C. elegans strains and ivermectin treatment

Strains were maintained on agar plates containing standard nematode growth media (NGM) seeded with E. coli OP50 at 20 °C. Small liquid cultures were used to arrest larval development (see below), and E. coli HB101 was used as food in these cultures. Standard genetic techniques were used to make combinations of alleles. The wild-type strain N2 (Bristol) and the following mutant and transgenic strains were used:

CB1370 daf-2(e1370)

CF1038 daf-16(mu86)

LRB268 avr-14(vu47); glc-3(ok321) avr-15(vu227) glc-1(pk54); dukIs9[Pmyo-2::avr-15, Pmyo-2::mCherry, Pajm-1::AJM-1::GFP]

LRB269 avr-14(vu47); glc-3(ok321) avr-15(vu227) glc-1(pk54); dukIs10[Pmyo-2::avr-15, Pmyo-2::mCherry, Phlh-8::GFP]

JD369 avr-14(vu47); glc-3(ok321) avr-15(vu227) glc-1(pk54)

NK1228 daf-16(mu86); unc-119(ed4); qyIs288 [Pdaf-16::GFP::DAF-16, unc-119(+)]

LRB338 daf-16(mu86); daf-28(tm2308); qyIs289[Pdaf-16::GFP::DAF-16, unc-119 (+)]

LRB339 daf-16(mu86); ins-4, ins-5, ins-6(hpDF761); daf-28(tm2308); qyIs289[Pdaf-16::GFP::DAF-16, unc-119(+)]

LRB340 daf-16(mu86); ins-4, ins-5, ins-6(hpDF761); qyIs289[Pdaf-16::GFP::DAF-16, unc-119(+)]

GR1455 mgls40[Pdaf-28::GFP]

dukIs9 injection mix contained the following: 1 ng/μL pCFJ90 (Pmyo-2::mCherry), 1 ng/μL pPD30_69_TK414_4A (Pmyo-2::avr-15), and 50 ng/μL pJS191 (Pajm-1::AJM-1::GFP). dukIs10 injection mix contained the following: 1 ng/μL pCFJ90 (Pmyo-2::mCherry), 1 ng/μL pPD30_69_TK414_4A (Pmyo-2::avr-15), and 50 ng/μL pJKL464 (Phlh-8::GFP).

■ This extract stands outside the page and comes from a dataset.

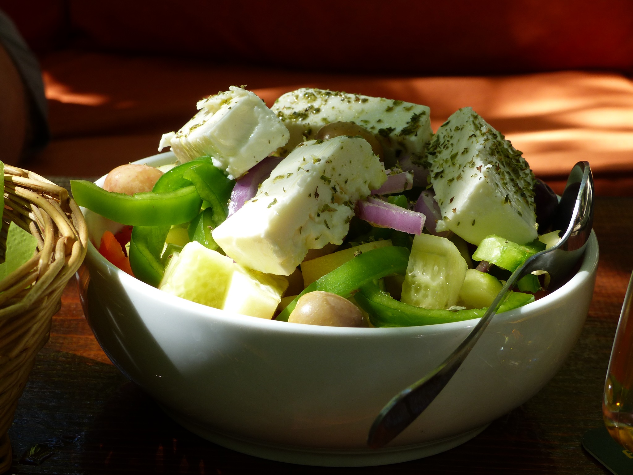 Im Dorf essen wir Hähnchen-Pita, Bauernsalat, Schafsjoghurt mit Honig und Früchten. Eine einfache Holzplattform mit 4-5 einfachen Tischen und Bänken. Die Speisekarte klein aber fein, das Gemüse, der Joghurt, alles aus eigenem Anbau und Bio.

We used LRB268 and LRB269 for our primary analyses. These strains are sensitive to ivermectin in the pharynx alone, providing a controlled way to manipulate pharyngeal pumping. However, these strains have complex genetics, with four chromosomal mutations and a transgenic extrachromosomal array. In addition, the array carries the pharynx-specific avr-15 transgene as well as a reporter gene. Consequently, these two strains were not amenable to analysis of other mutations and reporter genes. We determined that wild-type (N2) worms display similar responses to ivermectin and food (e.g., Fig. 3i), albeit at slightly different doses (see below). We proceeded to use the wild-type background for subsequent genetic analyses. The strain used is indicated for each figure or figure panel.

Ivermectin (Sigma) dissolved in DMSO was added to the appropriate cultures immediately following culture setup. Ivermectin dose was adjusted for different levels of resistance in different strains. We performed a dose response to ivermectin in each background and used the minimal effective dose that made each strain not eat, as assessed by growth (data not shown). LRB269 was treated with 20 ng/mL ivermectin, or 22.85 nM. LRB268 was treated with 50 ng/mL ivermectin. Strains in the N2 background, rather than the quadruple mutant background, were treated with 10 ng/mL. DMSO was added in equal amounts to control tubes. DMSO concentration ranged from 0.05 to 0.2%.